Equitrac Corporation
- Company type: Subsidiary
- Industry: document output management and cost recovery
- Founded: Miami, Florida (1977)
- Products: Equitrac Express, Office and Professional; TouchPoint Console
- Parent: Kofax

= Equitrac =

Software company in Canada

Equitrac is a global software company that provides document cost management (auditing, allocation, recovery) and output management solutions for printers, copiers and multifunction devices. Its target markets are professional services firms, general office and enterprise plus hospitality and higher education. The company has more than a 70% market share among large law firms.

Equitrac is headquartered in Plantation, Florida; has offices in the United States, Canada and Europe and global distribution via a network of distributors and resellers. The company is a Microsoft Silver Certified Partner.

==History==
The company was launched by John Kane and George Wilson in 1977 as a regional distributor of copier control systems with five employees. It was long best known for selling the hardware that attaches to photocopiers and tracks their use for billing law firms' clients. In the 1980s, Equitrac was twice named to the INC. 500 list as one of the country's fastest growing private companies. In 1991 it bought out its largest competitor, and then in 1992 went public and was listed on the NASDAQ Exchange.

===Strategy shift===
Technology has advanced since Equitrac's founding, but the promise of a "paperless" office never materialized. Instead, offices use more paper than ever before, racking up increasingly large copying and printing bills. Equitrac changed gears to solidify its lead and grab more market share. The company began diversifying by developing software embedded in networked copiers, printers and multifunction devices, from manufacturers such as Xerox, Ricoh, Canon and Sharp. That switch also ushered in a fundamental shift in how Equitrac earned its money: while previously it helped companies track costs that would later be charged back to clients, now Equitrac helps those firms cut paper and ink costs.

In 1999, top executives of the publicly traded firm wanted to cash out but found the thinly traded shares were nearly non-liquid. Eventually, New York-based private equity firm Cornerstone Partners purchased Equitrac and took it private. The $74 million purchase was financed in part by the shares of the executives, but mostly with $24.6 million from Cornerstone and $44 million in loans.

In 2000 Equitrac acquired Software Metrics Inc. based in Waterloo, Ontario, near several universities with strong software programming curricula, who had been working with Equitrac since 1998 under a technology licensing agreement.
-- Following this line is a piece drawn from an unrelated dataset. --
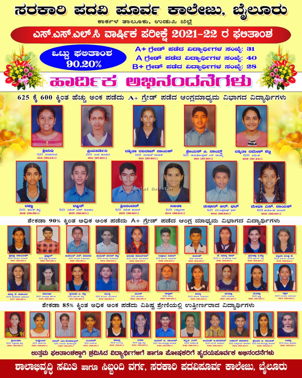 ತೇರ್ಗಡೆಯಾದ ವಿದ್ಯಾರ್ಥಿಗಳ ಹಾಗೂ ಉತ್ತಮ ಫಲಿತಾಂಶ ನೀಡಿದ ವಿದ್ಯಾರ್ಥಿಗಳು.
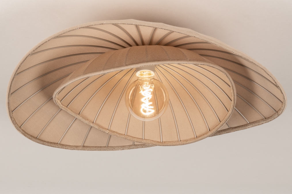 - • De stof van deze lamp heeft een warme taupe kleur met een subtiele textuur

In 2002 Michael Rich joined the company as CEO. Rich had previously run Ernst & Young's law firm consulting practice, helped launch AT&T Corporation's Internet business and ran the publicly held Netspeak in Boca Raton. To cut costs at Equitrac, he outsourced its hardware business to Celestica, centralized its software development and technical support at the former Software Metrics location and shuttered its Florida manufacturing plant and software development centres. In 2004, the company relocated its 80 South Florida employees from Coral Gables to Plantation.

In 2005 Rich was ranked one of the top CEO's in Florida by the South Florida's CEO magazine. In addition, Mr. Rich has done numerous press conferences with various public figures such as Florida Governor Jeb Bush and former Speaker of the House Newt Gingrich.

==Acquisition==
In May 2011, Nuance Communications, Inc. announced plans to acquire Equitrac for $157 million USD. The deal closed in July 2011.

In November 2018, Kofax announced plans to purchase Nuance Document Imaging which included Equitrac. The deal closed February 1, 2019

==Products==
Among Equitrac's product lines are both hardware and software items, although Equitrac is known for its PageCounter line of document management consoles.

===Software===
Equitrac's software offerings include Equitrac Professional, a document accounting and cost management tool, marketed toward large legal and AEC companies

For the general office environment, Equitrac market their Equitrac Office product and for educational establishments and universities, Equitrac offer Equitrac Express. Both Office and Express are based on the same core module with specific features aligned to each market segment.